The unique physical and chemical properties of VHHs make them stand out in the field of
immunoimaging. Its main advantages are (Figure 2):

(1) VHHs are highly similar to human type 3 VH sequences, are less likely to cause drug
resistance reactions in the human body, and have low immunogenicity;
(2) VHHs have small molecular weight, deep tissue penetration, and high blood clearance rate;
(3) short half-life, can achieve a higher tumor/background ratio, and high-contrast images
can be obtained 1 hour after injection; commonly using labels such as 18F, 68Ga and 99mTc;
(4) The paratope of VHHs has a convex structure and the CDR3 loop is long, which can
bind to epitopes that are difficult for traditional antibodies to bind;
(5) VHHs have high thermal stability and can withstand harsh environments;
(6) It is easy to modify and transform;
(7) It can be produced by microbial fermentation, with high yield and small batch-to-batch variation.

Figure 2. Advantages of nanobodies used in immunoimaging



Examples of Applications of Nanobodies in Tumor Imaging

1. Tumor marker HER2 imaging

According to the expression of different proteins on the surface of cancer cells, breast
cancer can be divided into four categories: estrogen positive, progesterone positive,
human epidermal growth factor receptor 2 (HER2) positive and triple negative.

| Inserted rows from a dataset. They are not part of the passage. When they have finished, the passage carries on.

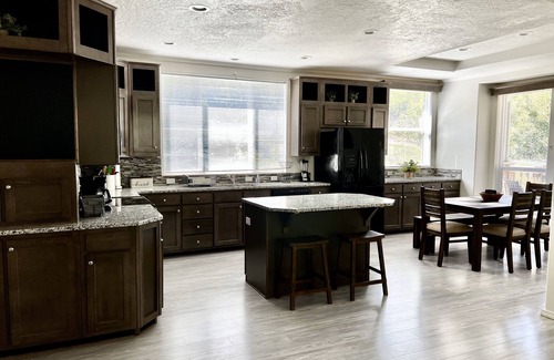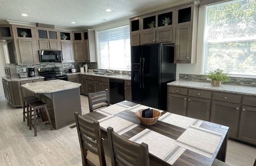 Our modern open floor kitchen is fully equipped with everything you need to prepare a delicious homemade meal. The wooden dining room table comfortably seats six and the breakfast bar provides additional informal seating for two. Plus, you can enjoy your meals on the deck or in the front yard, or have a summertime BBQ using the gas grill.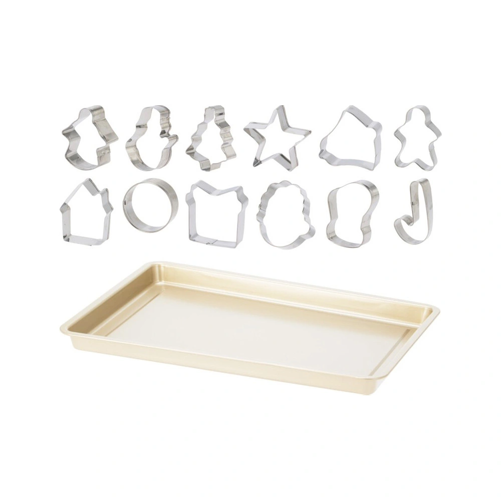 Bak deze feestperiode de heerlijkste lekkernijen met de Kerst Bakset Xmas Design - 13-delig! Deze complete kerst bakset bestaat uit een bakplaat (41×28 cm) en 12 roestvrijstalen uitsteekvormpjes in feestelijke vormen. De bakset is PFAS-vrij en heeft een non-stick bakplaat, zodat koekjes makkelijk loskomen en je snel schoonmaakt. Ideaal voor samen bakken met kids of als cadeau voor thuisbakkers.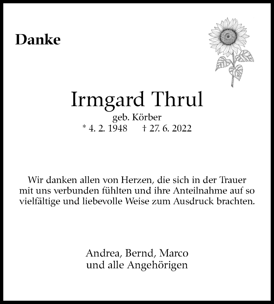 Hier finden Sie alle Traueranzeigen aus der Zeitung, die bisher für Irmgard Thrul erschienen sind. Weitere Traueranzeigen, die in der Zeitung erscheinen, werden hier ebenfalls aufgelistet

HER2-positive breast cancer accounts for 20% to 30% of the total incidence of breast cancer.
The expression level of HER2 can reflect the development and treatment of this type of
breast cancer. However, during the process of disease development and treatment,
the expression level of HER2 is constantly changing, so tracking the expression level
of HER2 requires continuous biopsy. However, breast cancer is highly heterogeneous,
and biopsy results cannot fully reflect the HER2 expression of primary tumors and metastases.
Tissue biopsy may also increase the probability of distant metastasis of breast cancer.
Therefore, non-invasive detection of HER2 is crucial².

Molecular imaging methods based on nanobodies are a rising star in imaging
HER2-positive breast cancer. They have the advantages of non-invasiveness,
high specificity, good tissue penetration, high tumor/background ratio, and can effectively
avoid false positive and false negative results. They can realize the detection of HER2
Accurate staging and assessment of tumor heterogeneity in positive breast cancer2.

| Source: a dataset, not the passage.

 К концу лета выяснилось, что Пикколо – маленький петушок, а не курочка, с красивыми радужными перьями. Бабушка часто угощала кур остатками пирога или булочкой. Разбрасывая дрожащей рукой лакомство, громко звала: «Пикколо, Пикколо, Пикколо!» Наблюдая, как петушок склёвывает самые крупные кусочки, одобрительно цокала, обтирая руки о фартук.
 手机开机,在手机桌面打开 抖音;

Figure 3. PET/CT image (upper panel) and PET image (lower panel) showing uptake of 68-GaNOTA-Anti-HER2 VHH1 in primary
breast cancer lesions (arrows). (A) Patient 14 had the highest tracer uptake (SUV mean, 11.8). (B) Patient 15 shows moderate tracer
uptake, still with a high tumor-to-background ratio (SUV mean, 4.9). (C) Imaging of patient 6 shows no uptake (SUV mean, 0.9),
and the tumor area on the CT image is indicated by an arrow.


The HER2 nanobody tracer 68-GaNOTA-Anti-HER2 VHH1 has achieved encouraging
results in phase I clinical trials. The accumulation level of 68-GaNOTA-Anti-HER2
VHH1 in tumors significantly exceeded the background value, and in High accumulation
in HER2-positive metastases. Therefore, this tracer successfully entered Phase II
clinical research, with the purpose of uating the uptake of this tracer by brain
metastases in breast cancer patients (Figure 3) (NCT03331601)³.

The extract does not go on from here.